Quand l'utiliser : Quand une idée arrive sans prévenir et que tu ne peux pas l'approfondir dans l'instant.


Les trois résumés en un tableau

Type Objectif Structure requise Relecture prévue Exemple
Brain dump Vider la tête Aucune Non "email à envoyer, appeler maman, deadline vendredi, flemme, idée de projet"
Prise de notes Garder de l'information Oui Oui "Réunion du 12/06 — décision : reporter le lancement au T3"
Capture d'idée Ne pas perdre une idée Minimale Peut-être "idée : article sur la fatigue du choix + lien avec Molleva"

Pourquoi les mélanger pose problème

Quand tout va dans le même endroit avec les mêmes attentes, plusieurs choses se cassent.

Si tu utilises un brain dump comme système de prise de notes, tu retrouves des semaines plus tard des listes incompréhensibles sans contexte. Si tu essaies de faire de la prise de notes structurée dans un moment de capture rapide, tu perds l'idée en essayant de la mettre en forme. Et si tu fais rentrer tes captures dans un système trop organisé, tu crées une friction qui te décourage de noter quoi que ce soit.

Chaque geste a besoin d'un espace adapté à ce qu'il est.


Comment Molleva gère la capture et le brain dump

Dans Molleva, la fonctionnalité "vider la tête" est faite pour deux de ces trois gestes : le brain dump et la capture rapide.

Tu ouvres, tu notes en quelques mots — pas besoin de catégorie, pas besoin de structure. Ce que tu notes devient une capture. Elle apparaît dans ton espace, disponible si tu veux en faire quelque chose, sans t'encombrer si tu n'y reviens pas.

Ce qui a besoin d'être fait aujourd'hui peut devenir une essentielle. Ce qui peut attendre rejoint "Plus tard". Ce qui n'est finalement pas utile peut être laissé partir.
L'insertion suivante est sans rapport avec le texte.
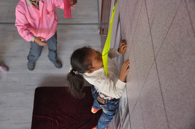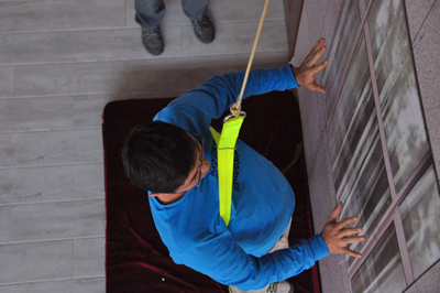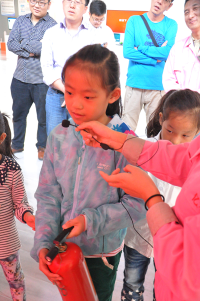 走进培训中心,丰富的体验点让学生们欢呼雀跃,3D技术短片《灾难警示录》播放过程中,地震来临,成群老鼠乱窜,观看的孩子情不自禁抬起双脚远离地面;消防标志识别系统、火灾隐患识别查找系统等寓学于乐小游戏,孩子们在爸爸妈妈的帮助下边学边玩,边相互比赛,不亦乐乎;灭火器激发孩子动手欲望,孩子们眼睛紧紧盯着灭火器,不等解说员讲解完就迫不及待的体验;在高层楼宇缓降器体验区,刘宸铄在爸爸的鼓励下体验高层缓降,成功着地后,刘宸铄欢呼的拽着爸爸一起高层缓降,体验完高层缓降之后,刘宸铄爸爸告诉讲解员:“刚开始心里有点担心,现在孩子和我都体验完之后,感觉很安全,孩子不但学会了高层缓降,发生火灾时能保护自己,而且锻炼了孩子的勇气”;119火灾报警系统区域,张笑芊一秒钟也等不及的想要体验,索性和旁边同学共用一个电话体验,两人异口同声的回答,引来家长阵阵笑声。
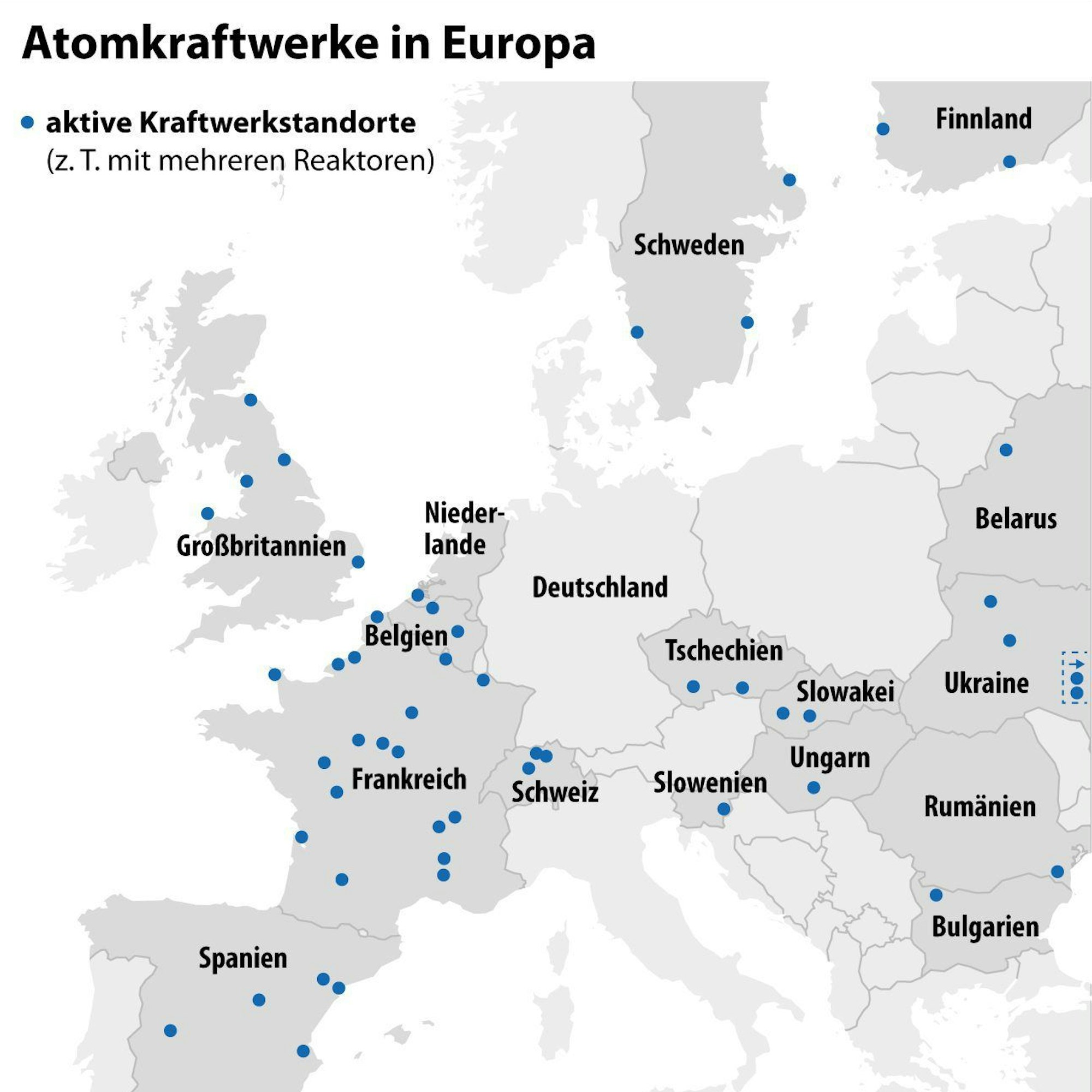 56 der 100 Atomkraftwerke in Europa sind in Frankreich. Grundsätzlich wird der Bau von 14 oder mehr neuer Anlagen in Erwägung gezogen. Außerdem soll die Laufzeit bestehender Kraftwerke verlängert werden. Jedoch zeigt sich auch, wie schwierig der Neubau ist: Mitte 2024 soll in Flamanville in der Normandie ein neuer Meiler ans Netz gehen – mehr als 16 Jahre nach Baubeginn und mit Kosten von 13,2 Milliarden Euro viermal so teuer wie vorgesehen. Als Atommacht setzt Frankreich aber auch aus anderen Gründen auf Kernkraft: Das Verteidigungsministerium hat angekündigt, im AKW Civaux Material, das Lithium enthält, anreichern zu wollen. Daraus soll das Gas Tritium für Waffen gewonnen werden.

La prise de notes structurée, elle — les résumés de réunion, les notes de lecture — reste mieux dans un outil dédié à ça, conçu pour la recherche et la réutilisation. Molleva n'est pas fait pour ça, et il ne cherche pas à l'être.


FAQ

Faut-il des outils différents pour chaque type de notes ?

Pas nécessairement — mais ça aide. Ce qui compte, c'est d'avoir des espaces qui correspondent à l'intention. Un espace rapide sans friction pour le brain dump et la capture, un espace plus structuré pour les notes qu'on veut retrouver.

Est-ce que le brain dump est vraiment utile ou c'est juste du bruit ?

Très utile — mais de façon différente de ce qu'on attend. Sa valeur n'est pas dans ce qu'il contient, mais dans ce qu'il libère. Vider ce qui tourne dans la tête réduit la charge cognitive, ce qui améliore la concentration, l'endormissement et la qualité du travail qui suit.

Combien de fois par jour faut-il faire un brain dump ?

Autant que nécessaire. Il n'y a pas de fréquence optimale. Certaines personnes le font une fois le matin et une fois le soir. D'autres uniquement quand elles se sentent bloquées ou surchargées. Le critère, c'est : est-ce que ma tête est trop pleine pour bien travailler ou me reposer ?

Où stocker les captures pour ne pas les perdre ?

Dans un endroit accessible sans friction — l'app la plus rapide à ouvrir, le carnet qui est toujours là. L'outil qui demande le moins d'effort à utiliser est celui qu'on utilisera vraiment dans les moments où on en a besoin.


Brain dump, prise de notes, capture d'idée : trois gestes différents, trois intentions différentes, trois espaces idéalement différents. Les distinguer ne prend pas longtemps — et ça change radicalement la façon dont on note et dont on récupère ce qu'on a noté.